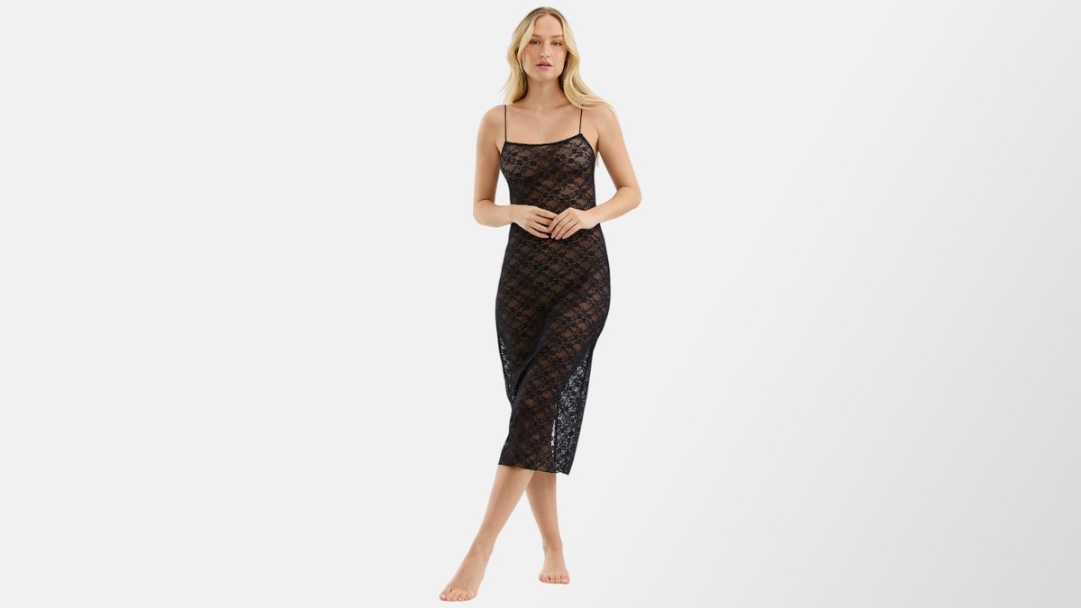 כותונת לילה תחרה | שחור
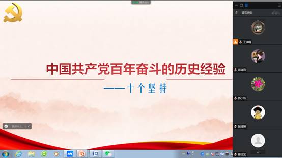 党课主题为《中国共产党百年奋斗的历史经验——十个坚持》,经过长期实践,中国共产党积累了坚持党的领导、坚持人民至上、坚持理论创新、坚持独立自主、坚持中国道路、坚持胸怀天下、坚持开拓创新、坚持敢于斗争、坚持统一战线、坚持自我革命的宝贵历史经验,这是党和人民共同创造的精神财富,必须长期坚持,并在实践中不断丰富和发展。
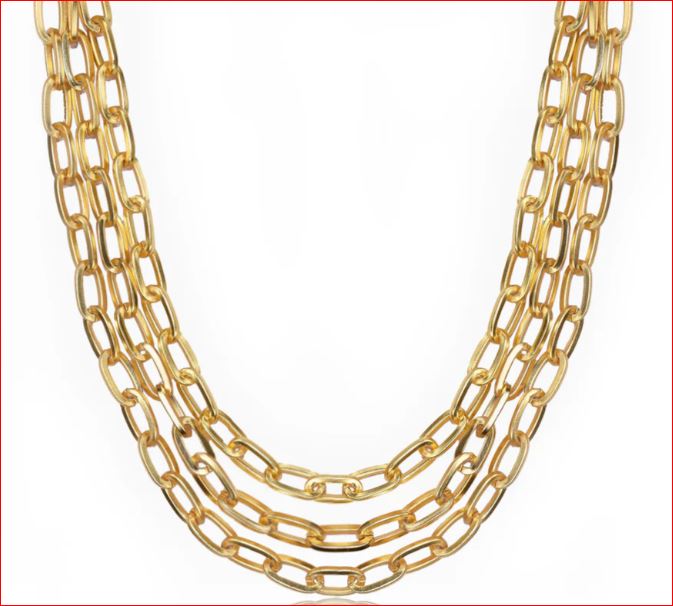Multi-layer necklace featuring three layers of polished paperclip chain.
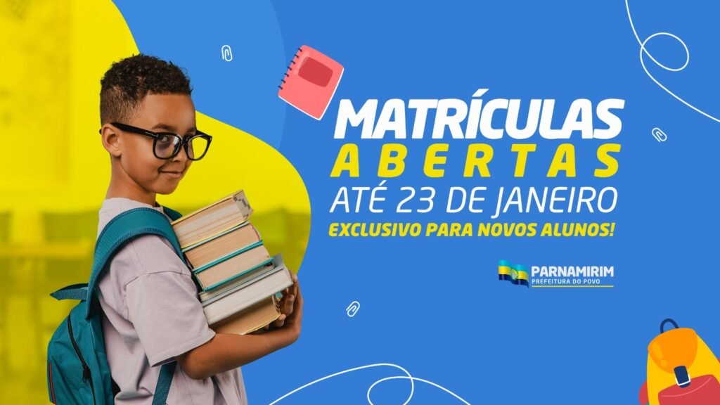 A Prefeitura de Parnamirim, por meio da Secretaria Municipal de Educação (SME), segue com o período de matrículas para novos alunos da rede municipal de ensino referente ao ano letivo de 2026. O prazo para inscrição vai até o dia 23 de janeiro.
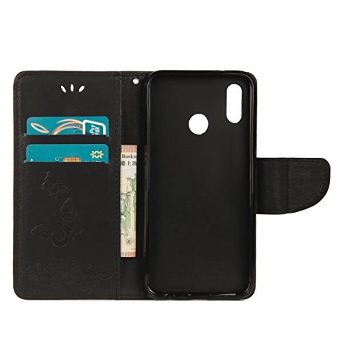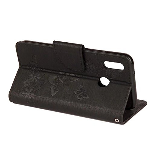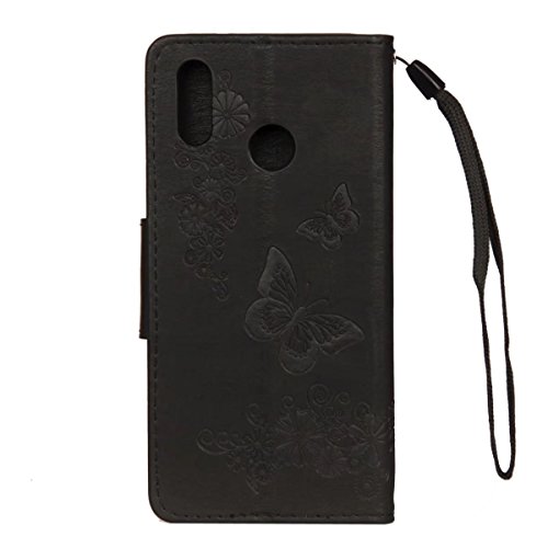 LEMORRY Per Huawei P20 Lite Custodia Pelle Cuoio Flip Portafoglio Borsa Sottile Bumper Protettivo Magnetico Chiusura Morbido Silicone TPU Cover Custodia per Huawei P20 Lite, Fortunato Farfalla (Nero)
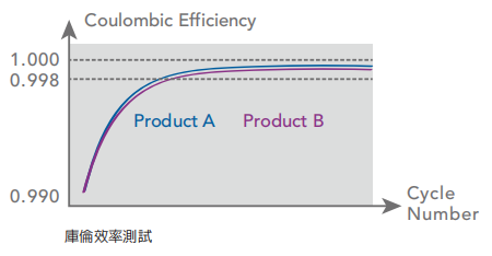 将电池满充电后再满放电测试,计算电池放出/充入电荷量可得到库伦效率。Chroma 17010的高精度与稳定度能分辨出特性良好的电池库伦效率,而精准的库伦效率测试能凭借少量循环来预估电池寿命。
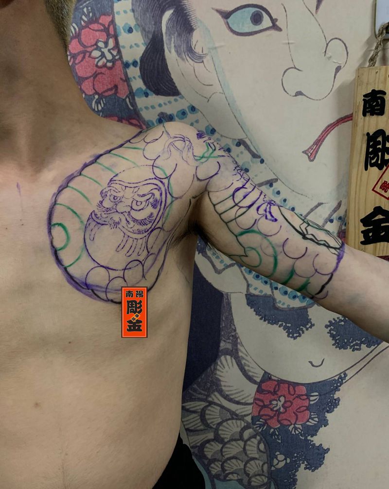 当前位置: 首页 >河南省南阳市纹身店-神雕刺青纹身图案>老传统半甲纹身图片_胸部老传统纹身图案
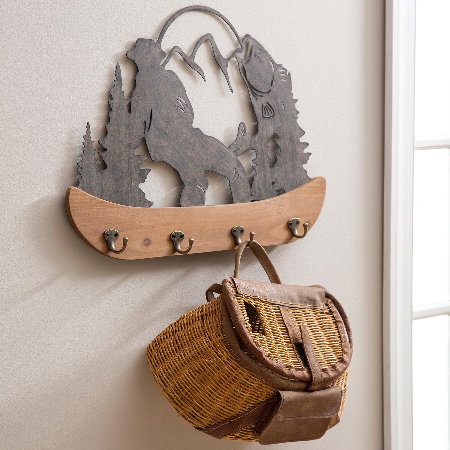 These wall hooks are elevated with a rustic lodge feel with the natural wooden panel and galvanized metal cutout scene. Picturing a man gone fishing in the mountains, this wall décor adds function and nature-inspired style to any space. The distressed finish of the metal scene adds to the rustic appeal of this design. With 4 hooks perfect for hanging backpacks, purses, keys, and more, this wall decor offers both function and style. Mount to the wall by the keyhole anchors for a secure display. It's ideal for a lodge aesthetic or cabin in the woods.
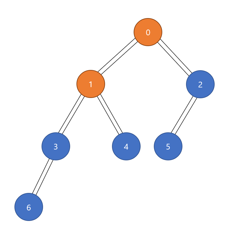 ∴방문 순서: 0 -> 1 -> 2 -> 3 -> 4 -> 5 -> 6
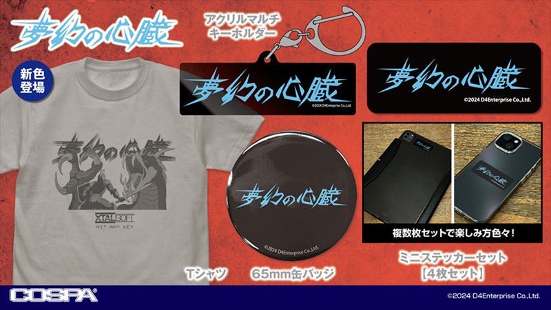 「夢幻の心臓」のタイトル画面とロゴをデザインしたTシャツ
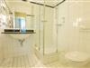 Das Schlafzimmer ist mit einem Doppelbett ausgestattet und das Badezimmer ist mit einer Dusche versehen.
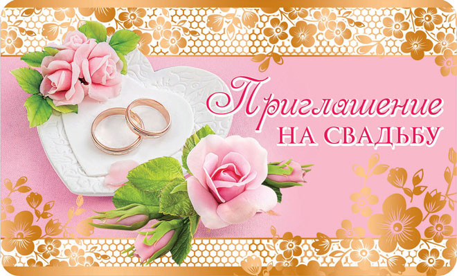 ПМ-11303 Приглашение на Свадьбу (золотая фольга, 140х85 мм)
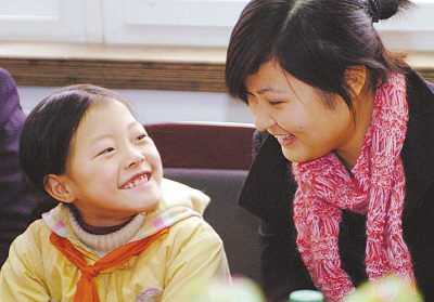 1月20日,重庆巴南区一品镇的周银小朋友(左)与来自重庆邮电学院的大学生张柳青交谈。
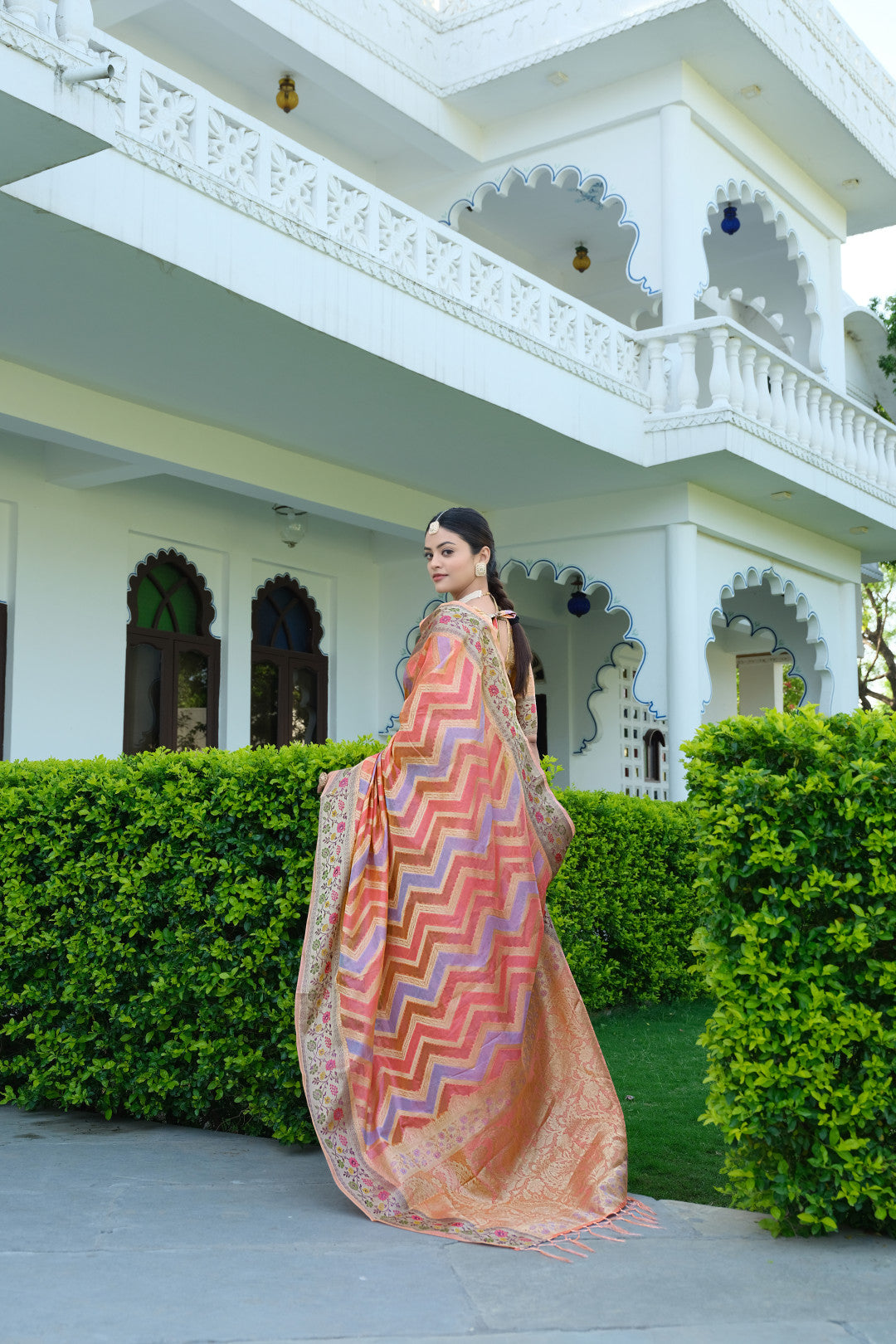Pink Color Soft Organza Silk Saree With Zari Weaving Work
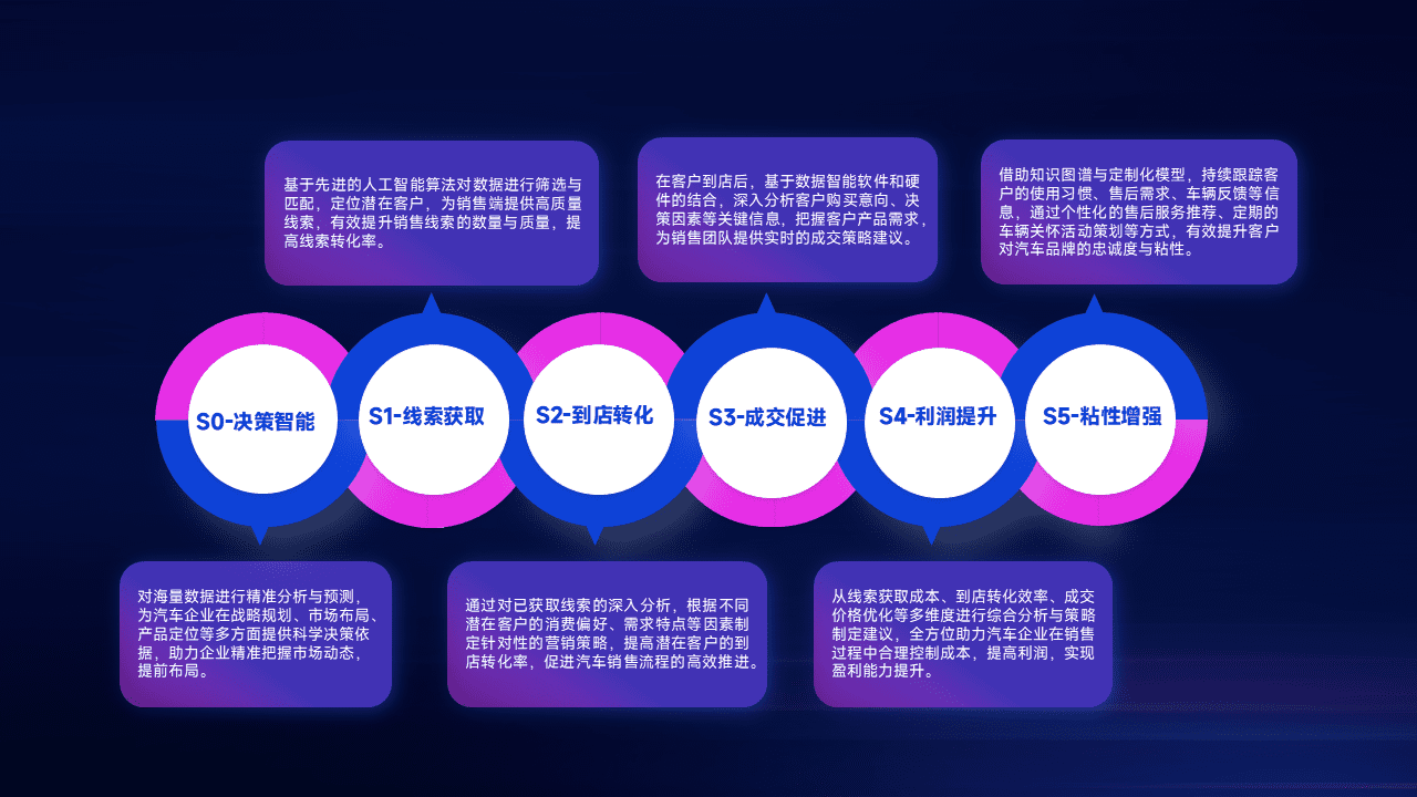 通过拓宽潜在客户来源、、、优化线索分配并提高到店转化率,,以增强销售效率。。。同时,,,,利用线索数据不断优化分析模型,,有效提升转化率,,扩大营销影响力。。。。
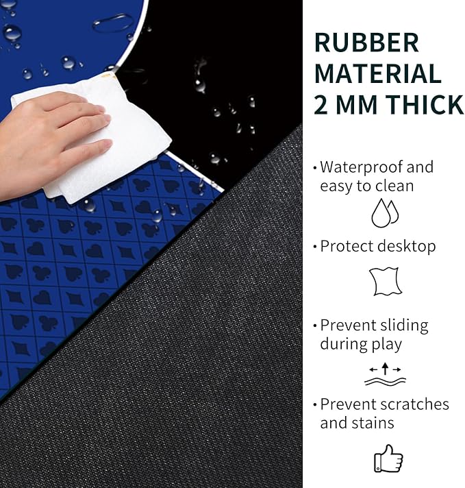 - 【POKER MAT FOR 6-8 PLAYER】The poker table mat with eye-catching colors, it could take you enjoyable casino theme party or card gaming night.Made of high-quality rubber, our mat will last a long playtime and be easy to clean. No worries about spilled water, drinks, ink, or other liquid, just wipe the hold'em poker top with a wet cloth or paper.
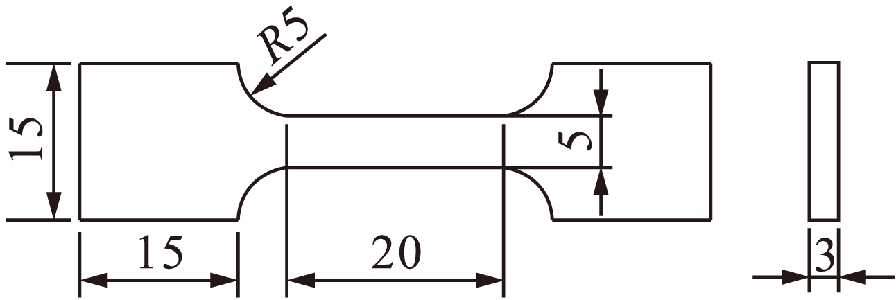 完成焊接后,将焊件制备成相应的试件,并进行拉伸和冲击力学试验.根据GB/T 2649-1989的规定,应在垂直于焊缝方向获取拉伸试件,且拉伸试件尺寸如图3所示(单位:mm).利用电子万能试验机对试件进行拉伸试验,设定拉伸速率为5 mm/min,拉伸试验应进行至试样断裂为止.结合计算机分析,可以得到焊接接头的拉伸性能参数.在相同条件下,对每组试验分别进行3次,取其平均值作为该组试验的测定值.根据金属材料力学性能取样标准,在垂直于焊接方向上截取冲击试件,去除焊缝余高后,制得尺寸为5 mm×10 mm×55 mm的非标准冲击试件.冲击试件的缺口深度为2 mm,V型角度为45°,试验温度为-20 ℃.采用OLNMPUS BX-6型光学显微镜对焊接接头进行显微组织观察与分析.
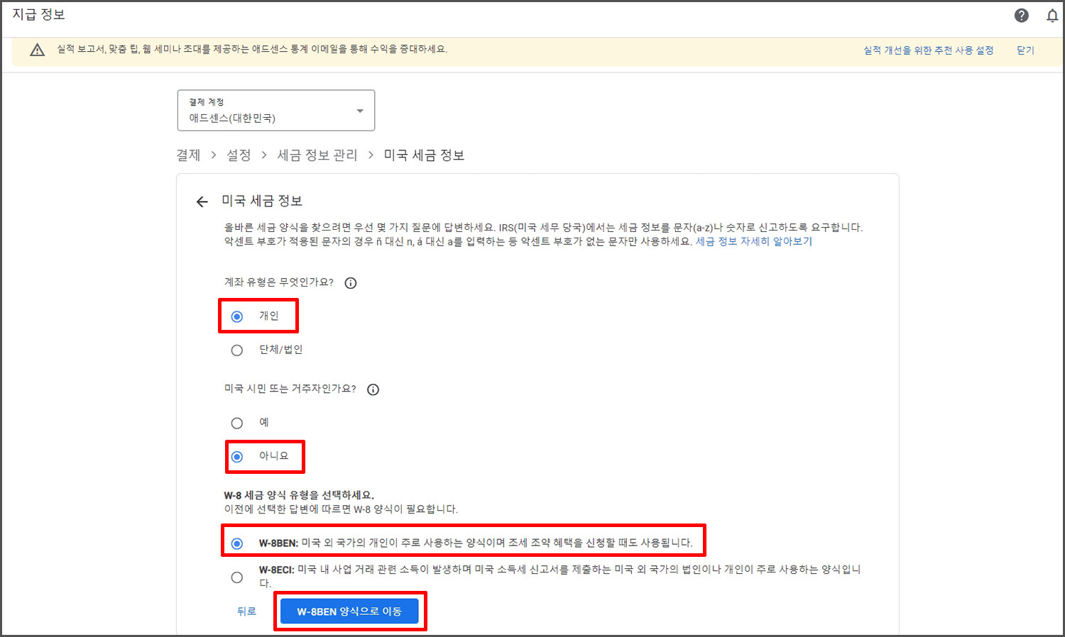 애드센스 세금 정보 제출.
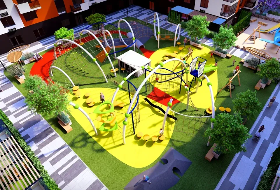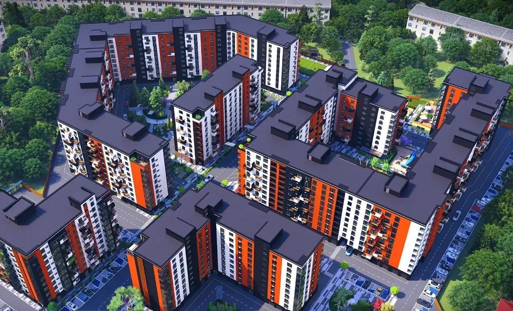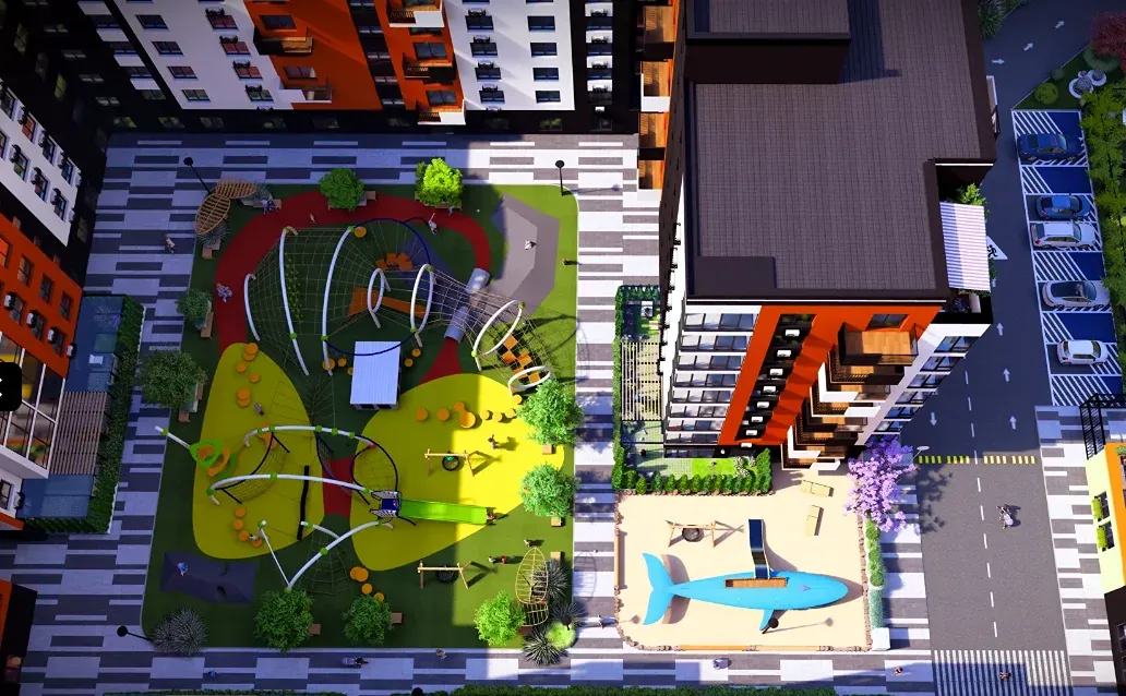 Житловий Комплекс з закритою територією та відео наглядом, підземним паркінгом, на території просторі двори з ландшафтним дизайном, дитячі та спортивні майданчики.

(EXERCISE REQUIREMENTS): Starting with the line that has "Multi-layer necklace featuring" and ending with the line that has "通过拓宽潜在客户来源、、、优", repeat the lines above exactly, omitting every picture.

(RESPONSE):
Multi-layer necklace featuring three layers of polished paperclip chain.
 A Prefeitura de Parnamirim, por meio da Secretaria Municipal de Educação (SME), segue com o período de matrículas para novos alunos da rede municipal de ensino referente ao ano letivo de 2026. O prazo para inscrição vai até o dia 23 de janeiro.
 LEMORRY Per Huawei P20 Lite Custodia Pelle Cuoio Flip Portafoglio Borsa Sottile Bumper Protettivo Magnetico Chiusura Morbido Silicone TPU Cover Custodia per Huawei P20 Lite, Fortunato Farfalla (Nero)
 将电池满充电后再满放电测试,计算电池放出/充入电荷量可得到库伦效率。Chroma 17010的高精度与稳定度能分辨出特性良好的电池库伦效率,而精准的库伦效率测试能凭借少量循环来预估电池寿命。
 当前位置: 首页 >河南省南阳市纹身店-神雕刺青纹身图案>老传统半甲纹身图片_胸部老传统纹身图案
 These wall hooks are elevated with a rustic lodge feel with the natural wooden panel and galvanized metal cutout scene. Picturing a man gone fishing in the mountains, this wall décor adds function and nature-inspired style to any space. The distressed finish of the metal scene adds to the rustic appeal of this design. With 4 hooks perfect for hanging backpacks, purses, keys, and more, this wall decor offers both function and style. Mount to the wall by the keyhole anchors for a secure display. It's ideal for a lodge aesthetic or cabin in the woods.
 ∴방문 순서: 0 -> 1 -> 2 -> 3 -> 4 -> 5 -> 6
 「夢幻の心臓」のタイトル画面とロゴをデザインしたTシャツ
 Das Schlafzimmer ist mit einem Doppelbett ausgestattet und das Badezimmer ist mit einer Dusche versehen.
 ПМ-11303 Приглашение на Свадьбу (золотая фольга, 140х85 мм)
 1月20日,重庆巴南区一品镇的周银小朋友(左)与来自重庆邮电学院的大学生张柳青交谈。
Pink Color Soft Organza Silk Saree With Zari Weaving Work
 通过拓宽潜在客户来源、、、优化线索分配并提高到店转化率,,以增强销售效率。。。同时,,,,利用线索数据不断优化分析模型,,有效提升转化率,,扩大营销影响力。。。。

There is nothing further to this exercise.